■ Recorded information ■
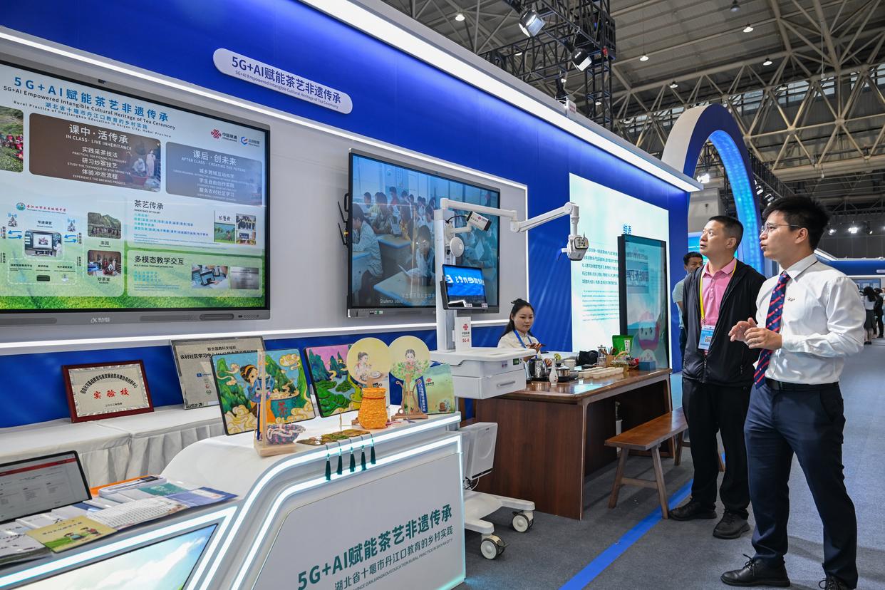 5月14日,參觀者在2025世界數(shù)字教育大會教育數(shù)字化成果展上參觀。新華社記者 杜子璇 攝
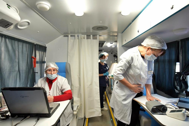 Комплекс создан на базе отечественного компактного автобуса. В нем могут работать до восьми специалистов, производящих забор крови. Оснащение комплекса самое современное.
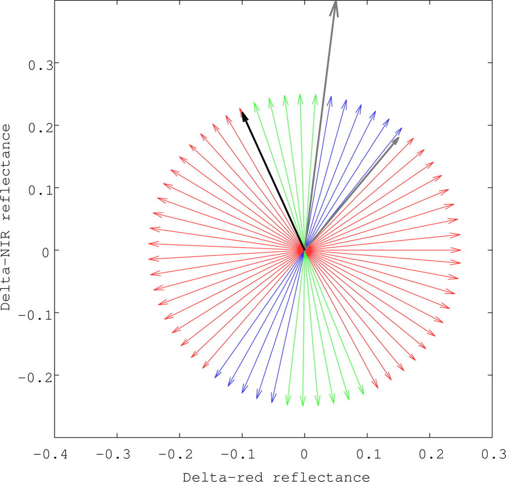 A reflectance spectrum from a target pixel may be represented as a linear sum of the spectra corresponding to a set of representative surface types (endmember spectra) in a LMM. We assume here that a target field consists of vegetation and non-vegetation classes. Red and near-infrared (NIR) bands are considered. Under these assumptions, a modeled spectrum, ρ̂ = (ρ̂r,ρ̂n) (where the subscripts r and n indicate red and NIR spectra, respectively), may be written as
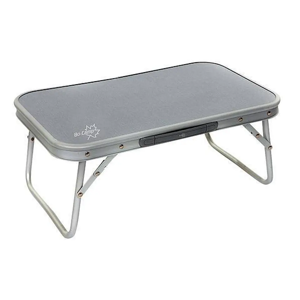 Bardzo niski i kompaktowy stolik. Wykonany z wytrzymałego i lekkiego aluminium.Składane nóżkiWymiaryWysokość: 24 cmSzerokość: 56 cmGłębokość: 34 cmDane techniczneMateriał: rama aluminium / blat płyta MDFKolor: antracytWymiary po złożeniu: 36x57x4cmWaga: 1,55kg

■ What is needed ■
Print exactly what appears from the first line of the listing above down to the line containing "Комплекс создан на", inclusive, and leave out all pictures.

■ Task output ■
 5月14日,參觀者在2025世界數(shù)字教育大會教育數(shù)字化成果展上參觀。新華社記者 杜子璇 攝
 Комплекс создан на базе отечественного компактного автобуса. В нем могут работать до восьми специалистов, производящих забор крови. Оснащение комплекса самое современное.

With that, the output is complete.